The coronavirus pandemic, the associated economic crisis and media attacks on the government were cited by President López Obrador on Monday as three “obstacles” he has faced since taking office two years ago.
Speaking on the eve of the second anniversary of being sworn in as Mexico’s 65th president, López Obrador said “the most difficult” problem he has encountered has been the pandemic, which as of Monday had officially claimed 105,940 lives.
“[It has been] very painful, it hurts a lot.

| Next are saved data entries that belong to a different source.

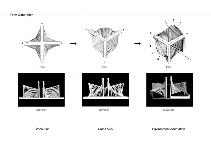 项目位于杭州亚运村南端中心商务区,在亚运会期间有着重要的展示作用。鉴于亚运会体育场馆作为建筑史中重要的一部分,其对跨度、场馆空间、标志性的追求,涉及到建筑形式、建筑结构和建筑建构体系的变革。建筑师从中获取灵感,希望使用者与城市居民能在这个示范区中发现充满时代气息的亚运元素。
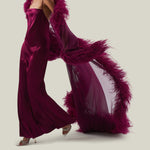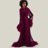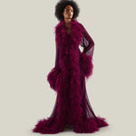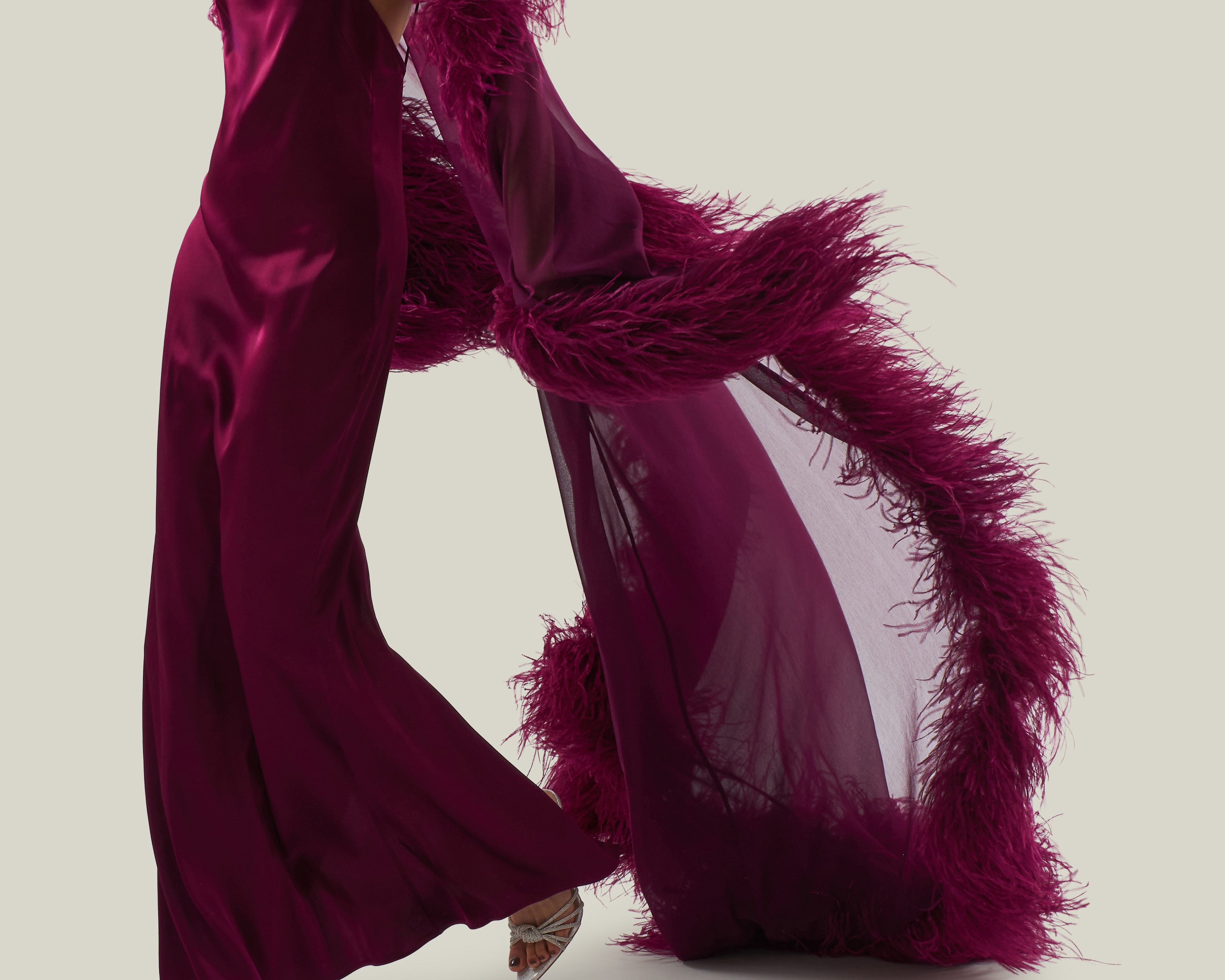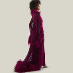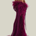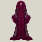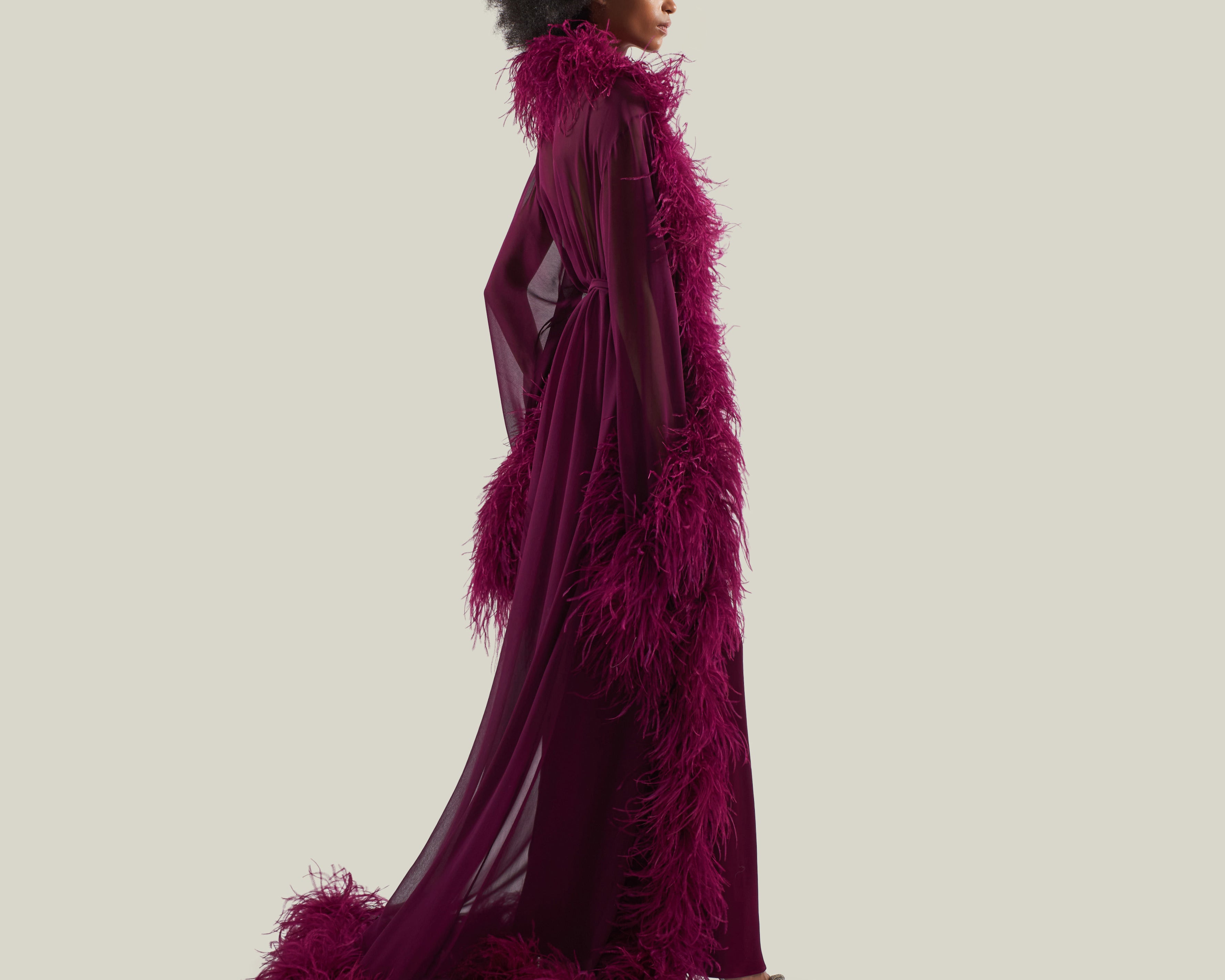 A timeless icon of sensual elegance. The Vedette is a long-sleeve night robe made from the softest silk chiffon, fully trimmed with almost 9 meters of airy ostrich feathers cascade. It features a matching belt with loops to cinch the waist, enhancing your silhouette, and a detached tonal crepe cady slip dress. Envelop yourself in sheer luxury and sophistication.
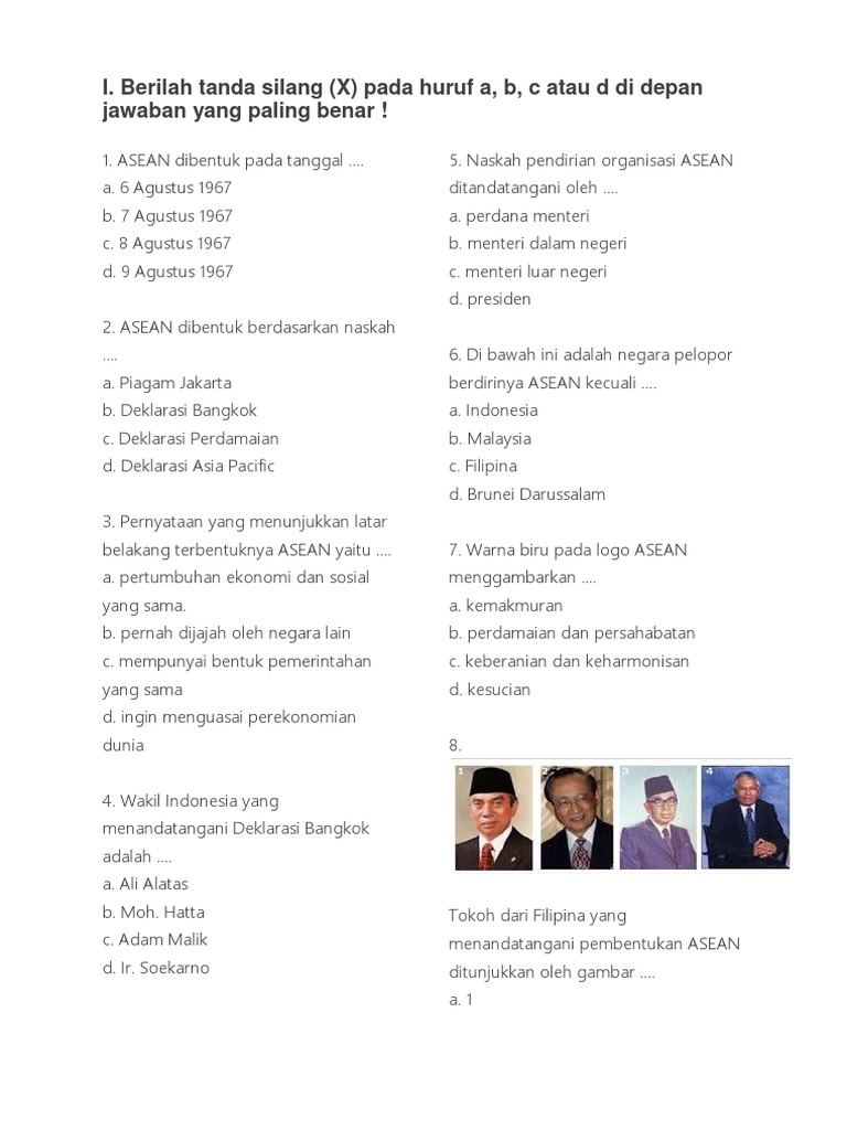 1 Asean Adalah Contoh Kerja Sama 2 Asean Terbentuk Melalui Deklarasi Bangkok Pada Tanggal Brainly Co Id
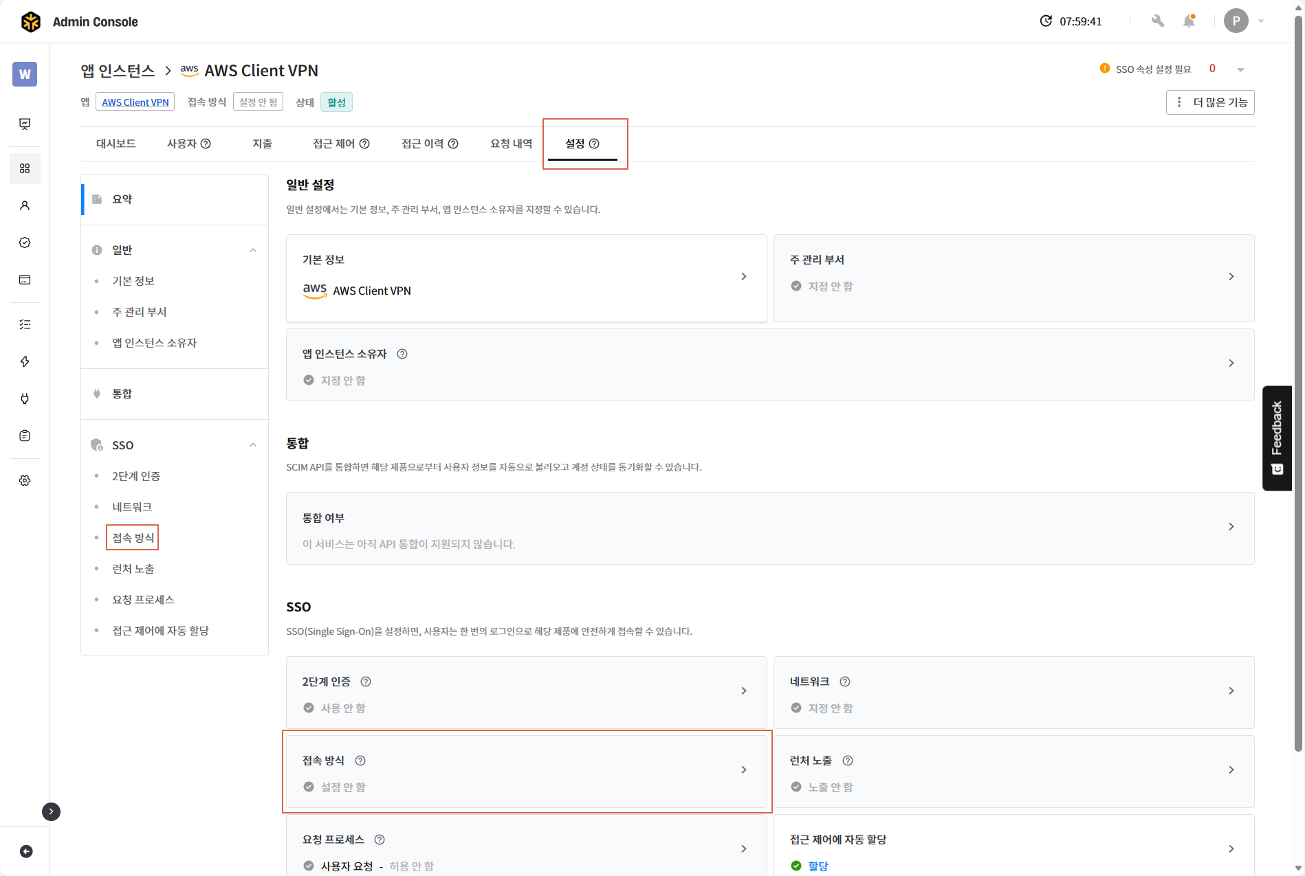 설정 탭으로 이동하여 좌측 서브 메뉴 또는 상세 화면의 [접속 방식]을 클릭하여 접속 방식 설정 페이지로 이동합니다.
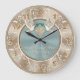 You (or Designer Linda) can change the lovely dusty soft blue green centre accented by the Love Doves joining their lives together as one over the taupe coloured heart. The clock is surrounded with a gentle neutral Taupe Champagne wedding colour with ecru swirls.
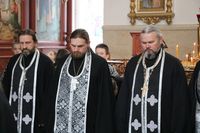 За богослужением Его Преосвященству сослужили клирики Свято-Воскресенского собора.
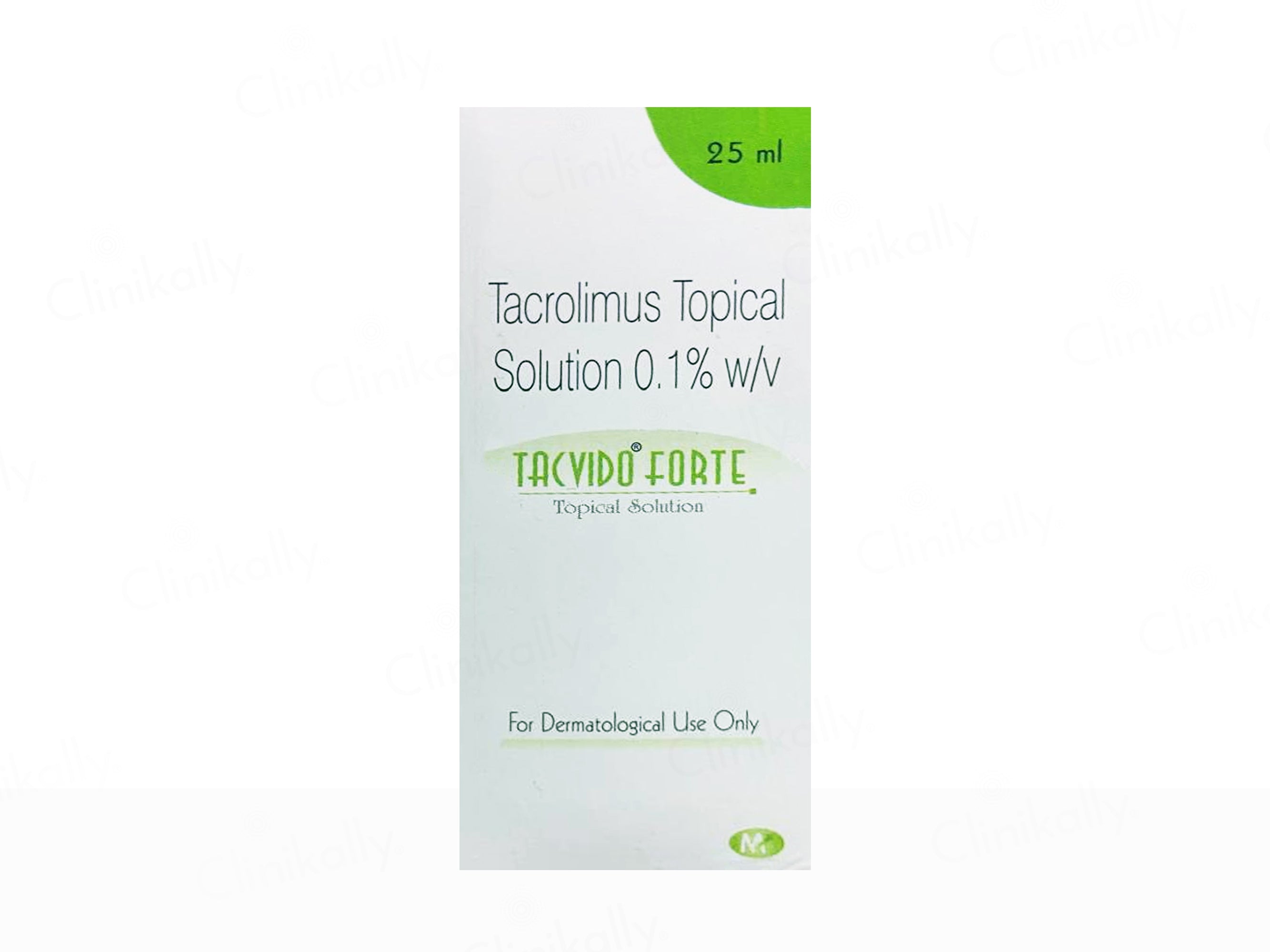 Tacvido Forte Solution is a potent topical medication used to treat skin conditions like psoriasis and vitiligo. Its active ingredient, tacrolimus, works by suppressing the immune response in the skin, reducing inflammation and promoting healing. This solution is clinically proven to effectively manage symptoms and improve skin appearance. Experience relief and restore skin health with Tacvido Forte Solution.

That’s what has affected us the most,” he said.
The president and his government have been widely criticized for not enforcing a strict lockdown, not advocating more forcefully for face masks and not testing widely for Covid-19. But López Obrador has continually defended the response to the pandemic, saying recently that his administration has implemented a “very good strategy.”
He said Monday that the government has also responded well to the coronavirus-induced economic crisis even though GDP is forecast to slump almost 10% in 2020.
“It was enough to not follow the neoliberal formula of bailing out those on top,” Lopez Obrador said. “We started by rescuing the people, helping those at the bottom and we’re coming out [of the crisis].”
Countering that claim is data from the social development agency Coneval that shows that poverty has increased to record levels this year due to the economic impact of the pandemic.
The president said that attacks by the media and the “conservative reaction” to his government were a distant third and “marginal” obstacle he has faced over the past two years.
“It has not been very significant,” López Obrador said, apparently forgetting about the countless hours he has spent denouncing reports by what he calls the prensa fifi (elitist press) and attacking government critics at the lengthy morning press conferences he fronts every weekday.
He downplayed the impact of the protest camp set up in Mexico City’s central square in September by an organization known as the National Anti-AMLO Front, saying that the number of protesters had dwindled to 50 from a high of just 200.
He said previously that he was happy people were protesting against him because it meant his government was changing Mexico for the better.
López Obrador, whose administration is dubbed the fourth transformation or 4T because it claims to be implementing a radical change comparable to those brought about by independence from Spain, the Mexican revolution and a 19th century liberal reform, will deliver a speech Tuesday afternoon to mark the second anniversary of his rule.
Two recent polls show that he retains strong support two years after taking office following his landslide victory at the 2018 election. A poll commissioned by the newspaper El Universal found that López Obrador has an approval rating of 64% while another for El Economista found 58.4% support.